Graham Factors
The three-factor test courts use to evaluate whether police force was 'reasonable' — severity of crime, immediate threat, and resistance.
What They Are
The Graham factors come from Graham v. Connor, 490 U.S. 386 (1989) and provide the framework for evaluating excessive force claims under the Fourth Amendment:
- The severity of the crime at issue
- Whether the suspect poses an immediate threat to the safety of officers or others
- Whether the suspect is actively resisting arrest or attempting to evade arrest by flight
How Courts Apply Them
These aren’t a mechanical checklist — they’re guideposts for the “totality of the circumstances” analysis. The court asks: Given these factors, would a reasonable officer on the scene have used this level of force?
Factor 1 — Severity of the crime: Force that might be reasonable when arresting someone for armed robbery is unreasonable during a traffic stop. The more serious the crime, the more force courts will tolerate.
Factor 2 — Immediate threat: This is the most important factor. If the suspect poses no immediate threat — hands raised, unarmed, compliant — force is much harder to justify. Conversely, a suspect reaching for a weapon creates an imminent threat that justifies significant force.
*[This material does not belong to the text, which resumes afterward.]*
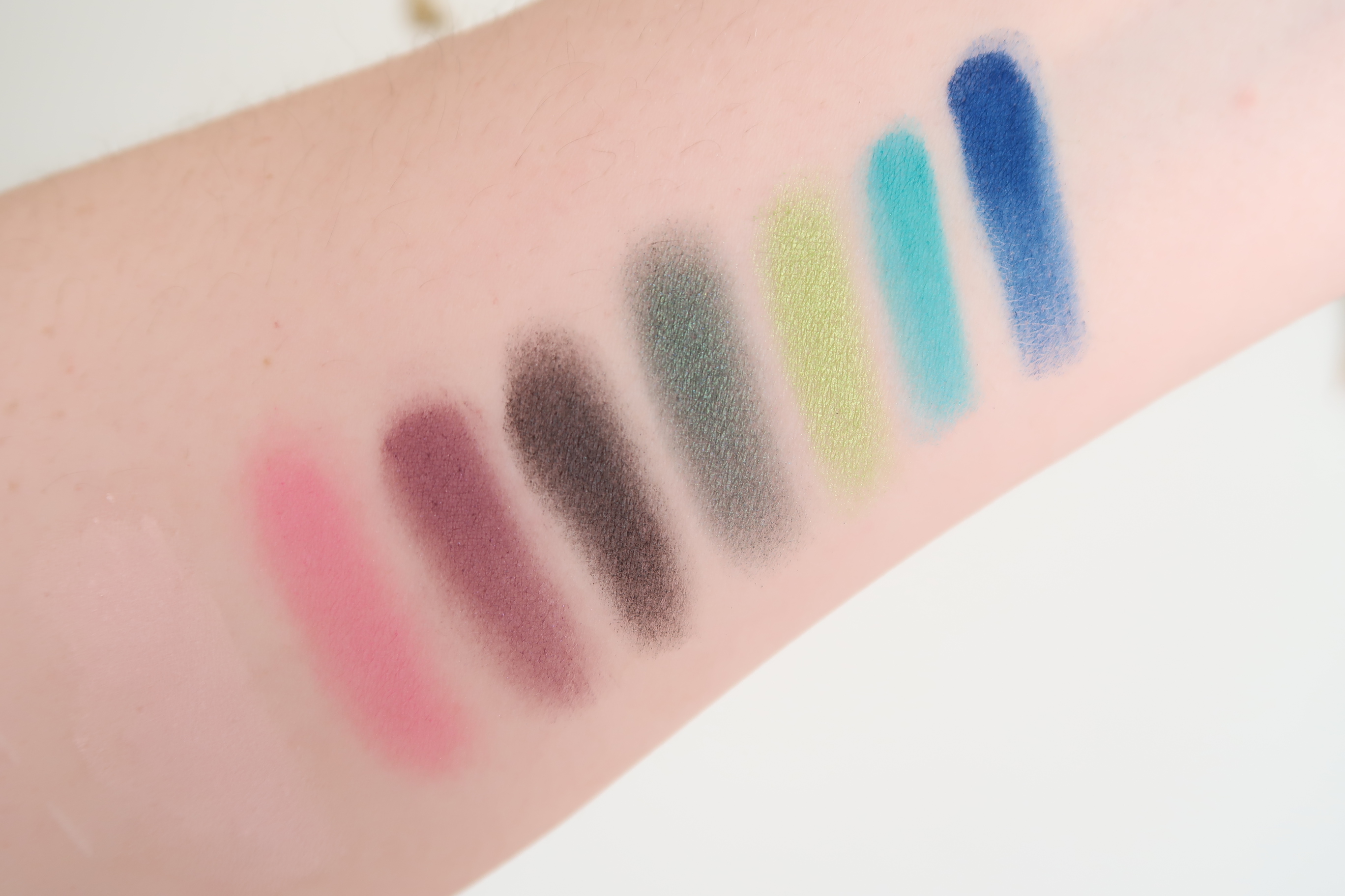 La palette Tenant, c’est un tout autre monde. Ce sont les couleurs vives et brutes où même une couleur de transition n’a pas sa place! On ne minaude pas chez Urban Decay, ça n’a que très rarement été le cas d’ailleurs. D’un côté, on a 3 roses qui sont séparés de 3 belles déclinaisons de vert via un noir-gris irisé et le tout se termine avec un magnifique bleu profond mat. Comme pour la Gold Griot, la Tenant est un beau mélange de mats et d’irisés mais ici, on est clairement dans le make-up dit « éditorial ». Cela dit, dosés savamment, on peut faire des choses colorées tout en restant portables. Mais je pense sincèrement qu’elle est là pour celles qui en ont marre du « portable ». Ici c’est la fête à la vie et à la joie, à la musique et à la décadence. Elle est parfaite pour un maquillage de fêtes, propose les couleurs idéales pour la Gay Pride ou un bold look (look osé quoi… Désolée, déformation professionnelle de la prof d’anglais issé!) de festival. Dans une palette comme dans l’autre, on voit très peu la couleur la plus claire sur mes swatches, c’est normal, cette partie de mon bras est aussi une des plus pâles de tout mon corps. Mais swatcher sur mon dos, tu l’auras compris, j’ai un peu de mal!

Factor 3 — Resistance or flight: A suspect who is running gets more force than one standing still. A suspect who is struggling gets more force than one who is compliant. But once resistance ends, so should the force.
The Catch
Courts evaluate force “from the perspective of a reasonable officer on the scene, rather than with the 20/20 vision of hindsight.” Graham, 490 U.S. at 396. This deference makes it hard to second-guess officers.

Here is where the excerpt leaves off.